The School of EECS is hosting the following PhD Progress Review 3 Thesis Seminar:

Information-Preserving Efficient Vision Transformers

Speaker: Xuwei Xu
Host: Prof Xue Li

Abstract: In recent years, Vision Transformers (ViTs) have achieved remarkable success across various computer vision tasks. The strong feature representation capability of ViTs results from their two core components: the Multi-Head Self-Attention (MHSA) module and the Feed-Forward Network (FFN). However, these components are computationally expensive and memory-consuming. The high computation demand hinders the deployment of ViTs in many real-world scenarios where low latency is required yet computing resources are constrained, such as edge devices. As a result, balancing model efficiency and performance has become a critical research area in ViT. Some studies have observed redundancy in ViTs and attempted to reduce it to expedite the model during the testing phase, which typically involves pruning image tokens spatially or decreasing features channel-wise. Despite accelerating ViTs, these methods often suffer from increasingly severe performance degradation as the degree of pruning increases.
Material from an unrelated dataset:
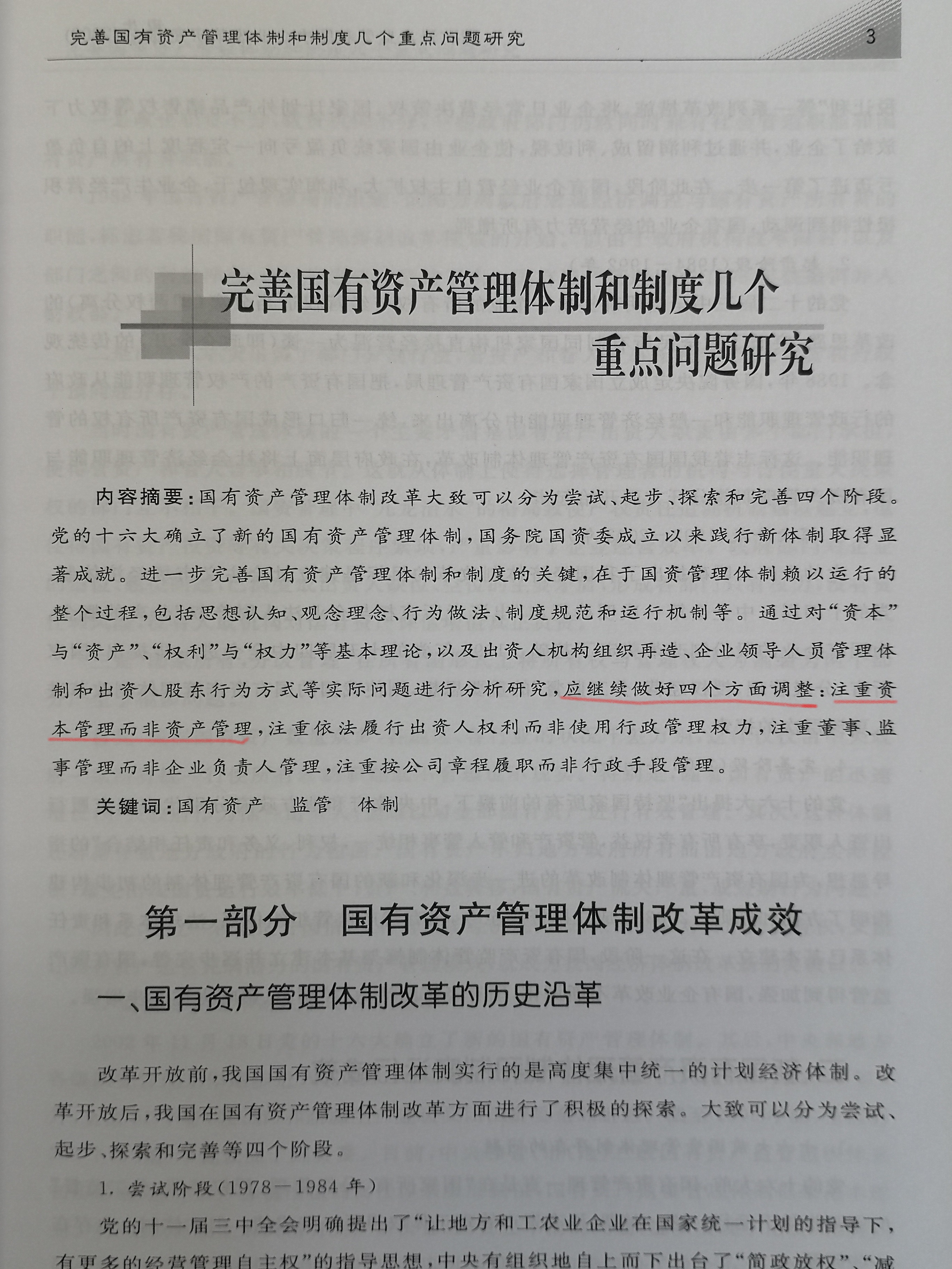 2008年在受邀主持國務(wù)院國資委重大課題《完善國有資產(chǎn)管理體制和制度的若干重點問題研究》時,系統(tǒng)論證并提出了“管資本”的概念理念,“管資本”后在黨的十八大報告(2013年11月)中正式提出。課題由求是咨詢董事長安林博士執(zhí)筆,國資委研究局(時為研究室)、法規(guī)局牽頭,改革局、規(guī)劃局、綜合局、黨建局等十多個局共同參與。研究成果收錄于國務(wù)院國資委研究局編著的《探索與研究:國有資產(chǎn)監(jiān)管和國有企業(yè)改革研究報告(2009)》一書。

In this thesis, we focus on expediting ViTs while maintaining high performance. Specifically, we attribute the performance drop in existing methods to the information loss from token pruning or channel reduction, and subsequently put forward solutions to retain information while reducing the model size. The contributions of this thesis are: (i) to mitigate the unexpected information loss, a simple but effective token ilding strategy is proposed to keep some tokens aside rather than recklessly pruning them in the network, thereby reducing the number of tokens participating in the computation while preserving all the information; (ii) to facilitate information compression and reservation, a graph-based token propagation approach is designed to distribute the information of removed tokens to their neighbouring tokens that are remaining in the ViT network, eventually constructing a condensed network; (iii) to enrich the information, a channel idle module is embedded to lightweight ViTs where the feature channels are increased without a corresponding rise in computational cost; (iv) to further advance the model compression for ViTs, a generic structural reparameterization technique is brought up on FFN, which reparameterizes the linear projection weights and shortcuts to significantly boost speed and shrink the memory consumption with no performance drop during inference. To conclude, we discuss open questions and future research directions for efficient ViT methods, aiming to promote the comprehensive application of efficient ViTs in real-world scenarios.
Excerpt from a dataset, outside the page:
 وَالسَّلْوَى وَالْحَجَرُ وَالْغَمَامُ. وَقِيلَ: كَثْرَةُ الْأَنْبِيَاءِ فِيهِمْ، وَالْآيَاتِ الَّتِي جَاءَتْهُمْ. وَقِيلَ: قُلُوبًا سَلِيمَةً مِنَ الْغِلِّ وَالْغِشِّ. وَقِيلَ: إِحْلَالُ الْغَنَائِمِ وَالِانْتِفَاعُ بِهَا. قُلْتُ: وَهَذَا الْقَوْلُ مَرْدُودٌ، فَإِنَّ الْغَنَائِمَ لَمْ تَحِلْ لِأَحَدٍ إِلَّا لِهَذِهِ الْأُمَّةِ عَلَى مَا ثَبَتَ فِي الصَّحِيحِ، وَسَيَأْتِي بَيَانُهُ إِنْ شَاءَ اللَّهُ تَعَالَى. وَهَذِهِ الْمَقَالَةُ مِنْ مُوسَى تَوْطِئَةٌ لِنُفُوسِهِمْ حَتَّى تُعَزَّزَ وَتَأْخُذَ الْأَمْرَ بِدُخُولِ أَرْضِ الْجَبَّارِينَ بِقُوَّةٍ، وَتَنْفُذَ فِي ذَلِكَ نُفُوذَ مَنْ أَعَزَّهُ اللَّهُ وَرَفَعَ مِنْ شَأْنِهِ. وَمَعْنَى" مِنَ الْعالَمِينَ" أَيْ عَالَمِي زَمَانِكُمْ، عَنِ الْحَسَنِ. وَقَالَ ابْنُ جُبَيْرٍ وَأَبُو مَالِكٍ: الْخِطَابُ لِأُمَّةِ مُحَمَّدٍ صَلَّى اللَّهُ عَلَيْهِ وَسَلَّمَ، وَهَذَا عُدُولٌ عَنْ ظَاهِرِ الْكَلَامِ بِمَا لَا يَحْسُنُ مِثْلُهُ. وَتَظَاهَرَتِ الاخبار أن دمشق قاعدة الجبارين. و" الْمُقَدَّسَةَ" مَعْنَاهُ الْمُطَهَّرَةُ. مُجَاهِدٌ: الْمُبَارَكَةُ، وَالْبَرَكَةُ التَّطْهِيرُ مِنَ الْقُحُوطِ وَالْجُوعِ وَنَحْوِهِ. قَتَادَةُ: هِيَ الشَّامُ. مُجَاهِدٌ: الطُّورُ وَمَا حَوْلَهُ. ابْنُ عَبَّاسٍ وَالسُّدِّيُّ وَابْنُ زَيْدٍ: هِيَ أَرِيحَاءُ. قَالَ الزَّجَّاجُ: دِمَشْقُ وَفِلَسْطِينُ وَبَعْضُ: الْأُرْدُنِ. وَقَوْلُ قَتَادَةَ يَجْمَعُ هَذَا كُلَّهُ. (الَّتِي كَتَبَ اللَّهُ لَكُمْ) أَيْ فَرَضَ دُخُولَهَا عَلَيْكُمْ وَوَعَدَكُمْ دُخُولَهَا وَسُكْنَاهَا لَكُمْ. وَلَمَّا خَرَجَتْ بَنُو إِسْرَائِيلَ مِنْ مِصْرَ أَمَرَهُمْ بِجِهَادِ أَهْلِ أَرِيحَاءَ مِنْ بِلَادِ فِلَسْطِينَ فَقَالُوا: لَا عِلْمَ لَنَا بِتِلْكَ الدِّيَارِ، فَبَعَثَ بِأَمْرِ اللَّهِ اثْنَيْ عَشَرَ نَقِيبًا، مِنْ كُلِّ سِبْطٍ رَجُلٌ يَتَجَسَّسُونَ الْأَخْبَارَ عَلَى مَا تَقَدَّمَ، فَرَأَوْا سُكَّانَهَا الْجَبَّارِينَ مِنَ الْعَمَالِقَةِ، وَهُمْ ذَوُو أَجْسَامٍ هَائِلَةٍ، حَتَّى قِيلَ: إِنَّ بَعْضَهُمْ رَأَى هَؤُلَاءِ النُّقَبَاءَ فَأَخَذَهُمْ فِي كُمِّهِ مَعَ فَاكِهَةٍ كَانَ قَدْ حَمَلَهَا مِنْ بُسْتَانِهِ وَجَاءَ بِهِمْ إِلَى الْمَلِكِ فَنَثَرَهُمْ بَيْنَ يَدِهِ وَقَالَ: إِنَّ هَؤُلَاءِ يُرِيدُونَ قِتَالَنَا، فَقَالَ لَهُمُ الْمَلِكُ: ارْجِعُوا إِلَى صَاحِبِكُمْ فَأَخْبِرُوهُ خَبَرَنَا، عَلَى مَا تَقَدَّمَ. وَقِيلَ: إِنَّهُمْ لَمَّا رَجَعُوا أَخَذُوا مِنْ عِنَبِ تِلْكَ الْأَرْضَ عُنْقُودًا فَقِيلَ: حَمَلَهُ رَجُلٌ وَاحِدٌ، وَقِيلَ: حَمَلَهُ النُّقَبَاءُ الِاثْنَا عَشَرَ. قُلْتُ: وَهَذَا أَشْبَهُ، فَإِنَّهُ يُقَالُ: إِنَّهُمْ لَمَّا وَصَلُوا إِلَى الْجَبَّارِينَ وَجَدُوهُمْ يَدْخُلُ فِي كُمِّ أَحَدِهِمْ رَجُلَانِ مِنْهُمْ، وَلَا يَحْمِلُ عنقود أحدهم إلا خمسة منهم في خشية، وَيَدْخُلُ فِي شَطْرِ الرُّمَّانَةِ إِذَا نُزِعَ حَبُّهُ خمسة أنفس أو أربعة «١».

Speaker bioXuwei Xu is a PhD candidate at the School of Electrical Engineering and Computer Science (EECS), The University of Queensland, under the supervision of AsPr Sen Wang and Dr Jiajun Liu. He received dual bachelor's degree from the Australian National University and Shandong University. His research interests include Vision Transformer and efficient network designs.

 

About Data Science Seminar

This seminar series is hosted by EECS Data Science.

Venue

Room 78-217 or zoom https://uqz.zoom.us/j/3378112704